To support data/compute parallelism in C++ whereby software programs have access to parallel computing resources in modern heterogenous system (combination of CPU, GPU, FPGA and accelerators), Khronos group has SYCL™ initiative which is an industry-driven standard body that adds data parallelism to C++ which is not fully supported by ISO C++ standard. **The objective of SYCL is to influence the direction of C++ standard for supporting heterogenous compute.**

A SYCL program is single-source and contains code sections (known as **host code** for orchestrating data movement and compute offload to devices) that are executed on host CPU and code sections (known as **device kernels** and typically computation workload) that are dispatched to be executed on **SYCL devices** (CPU, GPU, FPGA and other). 
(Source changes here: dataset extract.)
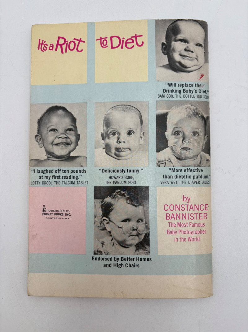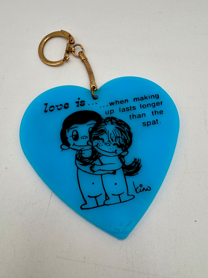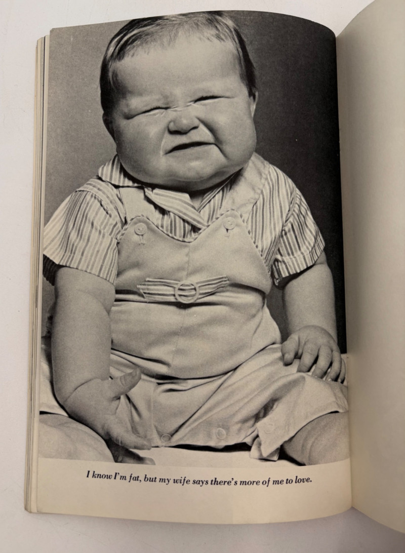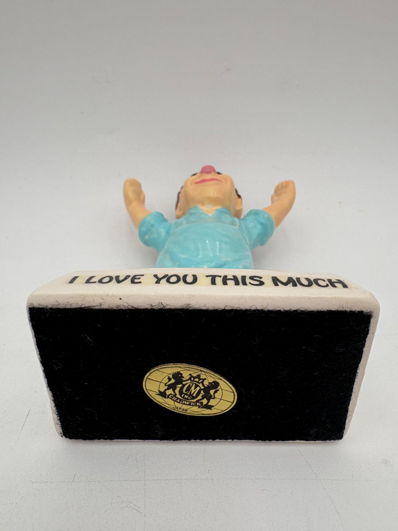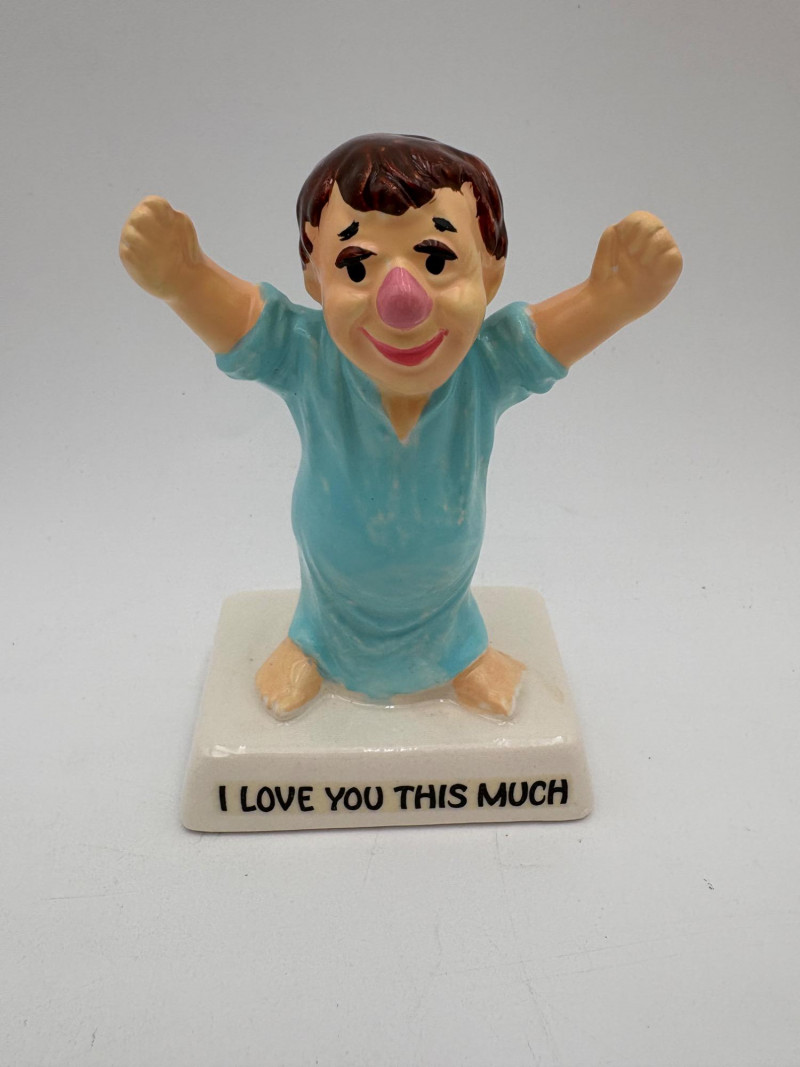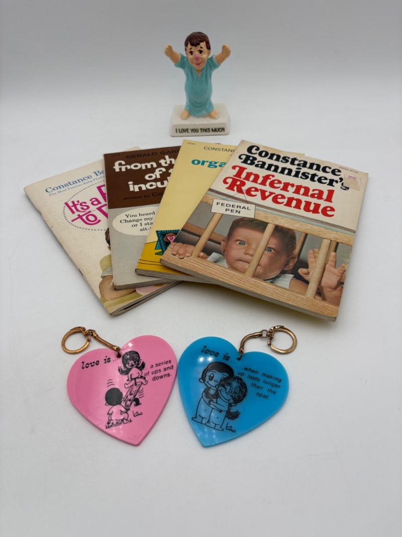 Lots of love (and humor) here! 4 Constance Bannister photo books that were immensely popular in the 1960s. Published by Esandess & Pocket Books. All in good used condition with the 3rd one having one page loose. Titles are: - Infernal Revenue (babies commenting of taxes and the IRS) - It's a Riot to Diet (babies making rude remarks about weight and eating) - From the Back of the Incubator (babies making rather stereotyped comments re: civil rights and Black tropes of the 1960s - note that it appears all the babies in this book are Black, but it still evokes a bit of "ick" in terms of stereotypes with today's sensibilities. We think the "back of the incubator" was a very intentional title) - The Organization Baby (babies making comments as if they are at the office/working a job) Classic "I Love You This Much" porcelain figurine we think EVERYONE had in the 1960s except for us! Measures approx. 5" H. From Chadwick Company. Pair of blue & pink plastic "Love" keyrings with phrases that can be innocent or have innuendo depending upon your personal take. Same image on front and back. Riot

A SYCL host code uses **SYCL constructs and classes** to organize the parallel computation in heterogenous system and **SYCL-aware C++ compiler** will translate the SYCL source code into respective binaries targeting the underlying devices delivering overall good performance through parallel data computation.

**oneAPI DPC++/C++ Compiler** is Intel® distribution of SYCL-aware C++ compiler.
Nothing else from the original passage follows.